Reporting bodies are required to take reasonable steps to obtain and confirm the accuracy of information contained in transparency reports. This means that it may be prudent to view supporting documentation in respect of information received. To assist with completing transparency reports, LOTA empowers reporting bodies with the ability to require that a person who is or may be an interest holder or settlor provide the reporting body with information. Once a written request for information is received, the interest holder or settlor must take reasonable steps to compile the requested information. If a reporting body is unable to obtain or confirm the accuracy of some of the above information, it must set out a summary of the steps taken to obtain or confirm the information.

Before filing a transparency report, a reporting body must take reasonable steps to give written notice to each interest holder and settlor that information is required, that an individual can request some or all of its primary identification information be omitted from or obscured in publicly accessible information, and that, absent a request within 90 days after the transparency report is filed, the information will be publicly accessible.


LOTA will create a registry to be administered by the Land Title and Survey Authority (LTSA) pursuant to which information filed in transparency declarations and transparency reports will be accessible by the general public and governmental authorities.

Public information will be limited to primary identification information on reporting bodies and interest holders, as well as any other information set out in the regulations. However, primary identification information in respect of an interest holder or settlor will not be publicly accessible until at least 90 days after the transparency report has been accepted for filing. This means that anyone searching the public registry will not be able to rely on the information being current. The purpose of this delay is to allow individuals an opportunity to apply to omit certain information from the public record (for example, if the health or safety of an individual is risk). Further, information about individuals under 19 years of age and those determined to be incapable of managing their financial affairs will be omitted from the publicly accessible information.

All of the information contained in transparency declarations and transparency reports will be immediately available for search and inspection by enforcement officers under LOTA, Ministry of Finance officials, federal and provincial tax authorities, the British Columbia Assessment Authority, federal and provincial law enforcement, and regulators, including the British Columbia Securities Commission, the Financial Institutions Commission, the Financial Transactions and Reports Analysis Centre of Canada (FINTRAC), and the Law Society of British Columbia, and other prescribed entities.

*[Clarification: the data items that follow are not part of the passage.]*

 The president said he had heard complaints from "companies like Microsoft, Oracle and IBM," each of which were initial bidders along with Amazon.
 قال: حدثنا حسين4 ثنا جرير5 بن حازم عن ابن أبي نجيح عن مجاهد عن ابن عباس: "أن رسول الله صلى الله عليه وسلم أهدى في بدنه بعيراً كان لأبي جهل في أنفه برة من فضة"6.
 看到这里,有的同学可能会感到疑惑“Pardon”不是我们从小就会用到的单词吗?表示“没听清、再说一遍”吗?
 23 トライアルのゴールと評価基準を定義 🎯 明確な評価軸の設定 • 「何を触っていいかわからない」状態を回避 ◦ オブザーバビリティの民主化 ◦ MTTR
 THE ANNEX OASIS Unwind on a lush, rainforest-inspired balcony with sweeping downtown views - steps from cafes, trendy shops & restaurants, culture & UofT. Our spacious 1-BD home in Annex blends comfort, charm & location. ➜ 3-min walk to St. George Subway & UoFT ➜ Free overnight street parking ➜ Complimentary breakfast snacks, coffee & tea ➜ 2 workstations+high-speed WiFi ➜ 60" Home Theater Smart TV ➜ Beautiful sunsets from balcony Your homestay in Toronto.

Information in the registry will be searchable in a manner similar to what currently exists for land title information, including searches by Parcel Identifier (PID) to determine the interest holders for a parcel and searches by name to identify the interests in land in which the named individual is an interest holder.


Failure to submit a transparency declaration—and, if required, a transparency report—will result in the land title office refusing to register the interest in land.

Inspection powers are granted to the enforcement officers under LOTA in order to determine compliance, including powers to enter a place of business or records office, to require a person to produce records or answer questions relevant to an inspection, and, subject to a claim of solicitor-client privilege, to inspect records in the possession of a lawyer.

Certain contraventions of LOTA are subject to administrative penalties up to the greater of (a) C$25,000 (for individuals) or C$50,000 (for non-individuals) and (b) five per cent of the assessed value of the property. More serious contraventions of LOTA may be found to be an offence subject to a fine up to the greater of (a) C$25,000 to C$50,000 (for individuals) or C$50,000 to C$100,000 (for non-individuals) and (b) 15 per cent of the assessed value of the property, depending on the offence.